A conversation with choreographer Paul Taylor

Celebrated choreographer Paul Taylor (pictured) will participate in a conversation with dance historian Maura Keefe on Friday, April 29, as part of the University’s Public Lectures Series.

The event will take place at 4:30 p.m. in the Stewart Film Theater, 185 Nassau St.

Taylor first presented his choreography with five other dancers and himself on May 30, 1954, in Manhattan. In the decades since, Taylor has become a living legend and one of history’s most celebrated artists. His two dance companies, the Paul Taylor Dance Company and Taylor 2, travel the globe, bringing his repertoire to theaters and venues of every size and description.

Taylor’s choreography, once deemed experimental, avant-garde and even “painful” to sit through, has become the gold standard of modern dance. The dance company is scheduled to perform at 8 p.m.
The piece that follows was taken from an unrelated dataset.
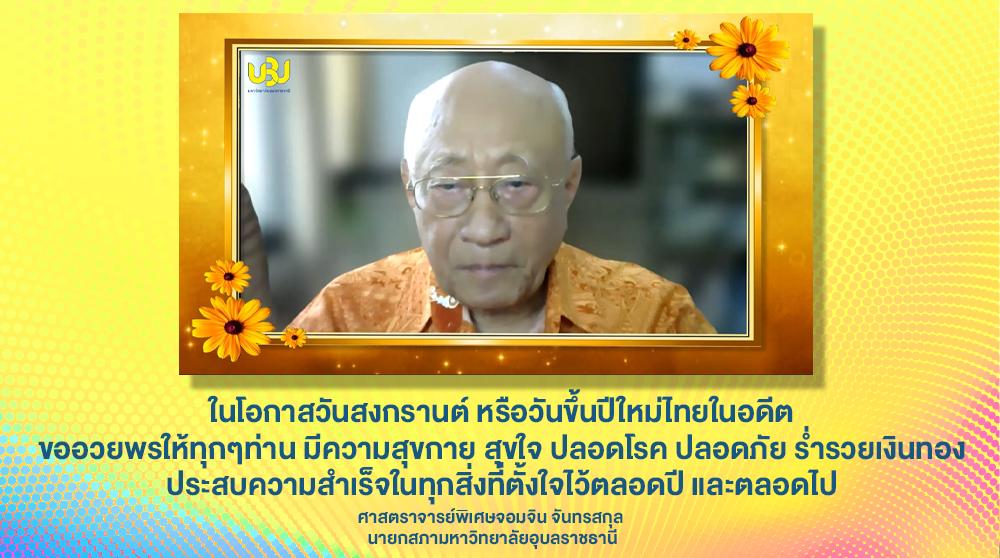 ศาสตราจารย์ (พิเศษ)จอมจิน จันทรสกุล นายกสภามหาวิทยาลัยอุบลราชธานี อวยพรเนื่องในโอกาสพิเศษ วันสงกรานต์ หรือวันขึ้นปีใหม่ไทยในอดีต ขอให้ทุกๆท่าน มีความสุขกาย สุขใจ ปลอดโรค ปลอดภัย ร่ำรวยเงินทอง ประสบความสำเร็จในทุกสิ่งที่ตั้งใจไว้ตลอดปี และตลอดไป

Tuesday, May 3, in the Matthews Theatre of the McCarter Theatre Center.

Keefe, who also is a choreographer, is an assistant professor of dance at Ohio University and a scholar-in-residence at Jacob’s Pillow Dance Festival in Becket, Mass.
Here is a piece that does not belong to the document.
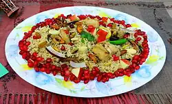 Популярны также супы дал и шурпа; рис с машем кичари, рис с мясом или рыбой бирьяни, фрикадельки кюфта, рагу корма, запечённые цыплята, кебабы, рис с фасолью раджма, каша халим. Каждое застолье обязательно включает блюдо из овощей, приготовленных с йогуртом «дахи»[5] и множество соусов[12]. Праздничную кашмирскую трапезу составляют блюда вазван.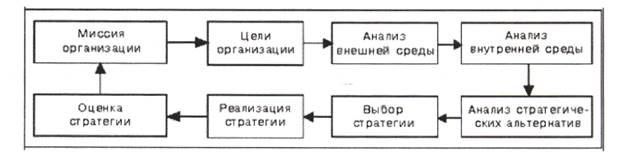 О. Виханский [8, c.110] процесс стратегического управления рассматривает, как динамическую совокупность пяти взаимоувязанных управленческих процессов: анализ среды; определение миссии и целей; выбор и выполнение стратегии, оценка и контроль реализации.

Taylor’s conversation is designated as the J. Edward Farnum Lecture and will be available for online viewing a week afterward at <www.princeton.edu/webmedia>.

Notable alumni converse on producing for Broadway

Tony Award-winning producer Roger S. Berlind will discuss the art and business of “The Great White Way” in a conversation with Pulitzer Prize-winning biographer A. Scott Berg at 8 p.m. Monday, April 25, in the Berlind Theatre.

The event, “From Medea to Madonna: Producing for Broadway,” is this year’s G.S. Beckwith Gilbert ’63 Lecture, and it will take the form of a dialogue between the two distinguished Princeton alumni about the state of American theater. Berlind, whose extraordinary career as a Broadway producer spans more than 25 years, will be interviewed by Berg, who most recently published a memoir about legendary actress Katharine Hepburn.

Berlind, a member of the class of 1952, has won 12 Tonys. He has brought more than 50 plays and musicals to Broadway and London’s West End, including “Amadeus,” “City of Angels,” “Proof” and celebrated revivals of “Guys and Dolls” and “Kiss Me, Kate.” His current productions include “Who’s Afraid of Virginia Woolf?” and “Doubt, a Parable,” which was just awarded the 2005 Pulitzer Prize for drama.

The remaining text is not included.